British film producer (born 1957)

Rebecca O'Brien (born 25 October 1957) is a British film producer known for her work with co-producer Ken Loach and scriptwriter Paul Laverty. She has twice been the recipient of the Palme d'Or award at the Cannes Film Festival. She has also won a BAFTA Award for Outstanding British Film.

== Early life ==
O'Brien was born in London, England and raised in the town of Peebles in Scotland.

== Career ==
O'Brien's career began in theatre and children's television and her early cinema work includes My Beautiful Laundrette (1985), on which she was location manager, and Bean (1997), which she co-produced.

She was co-producer on Ken Loach's Hidden Agenda (1990) and sole producer on his Land and Freedom (1995) and on many of his subsequent films.

Together with Loach and scriptwriter Paul Laverty, she runs the production company Sixteen Films, formed in 2002.

Two of O'Brien and Loach's films, The Wind That Shakes the Barley (2006) and I, Daniel Blake (2016), received the Palme d'Or award at the Cannes Film Festival.
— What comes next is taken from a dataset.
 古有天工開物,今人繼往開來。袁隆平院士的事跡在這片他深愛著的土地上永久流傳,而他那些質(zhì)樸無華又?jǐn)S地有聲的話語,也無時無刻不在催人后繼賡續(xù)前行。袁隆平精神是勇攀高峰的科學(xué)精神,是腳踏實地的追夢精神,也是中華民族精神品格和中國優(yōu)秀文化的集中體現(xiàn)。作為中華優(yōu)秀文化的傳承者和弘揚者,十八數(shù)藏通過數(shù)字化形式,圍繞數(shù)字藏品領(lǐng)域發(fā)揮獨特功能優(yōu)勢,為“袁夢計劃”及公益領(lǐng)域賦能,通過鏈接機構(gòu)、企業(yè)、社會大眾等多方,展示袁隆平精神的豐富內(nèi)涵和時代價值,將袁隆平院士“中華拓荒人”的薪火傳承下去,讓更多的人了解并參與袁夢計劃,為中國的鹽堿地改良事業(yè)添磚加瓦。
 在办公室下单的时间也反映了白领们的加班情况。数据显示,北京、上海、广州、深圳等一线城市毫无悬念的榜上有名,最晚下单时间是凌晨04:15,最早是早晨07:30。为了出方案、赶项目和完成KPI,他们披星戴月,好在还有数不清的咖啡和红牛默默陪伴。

Laverty, Loach and O'Brien received an "outstanding contribution" award from BAFTA Scotland in November 2016 and the trio won the 2017 BAFTA Award for Outstanding British Film, for I, Daniel Blake.

== Leadership roles ==
O'Brien served as a member of the board of the UK Film Council, until that body's dissolution in 2010, and of the UK Film Industry Training Board. She is a board member of PACT, the trade body for independent film production companies in the United Kingdom, and of the European Film Academy. She is also a member of The British Screen Advisory Council.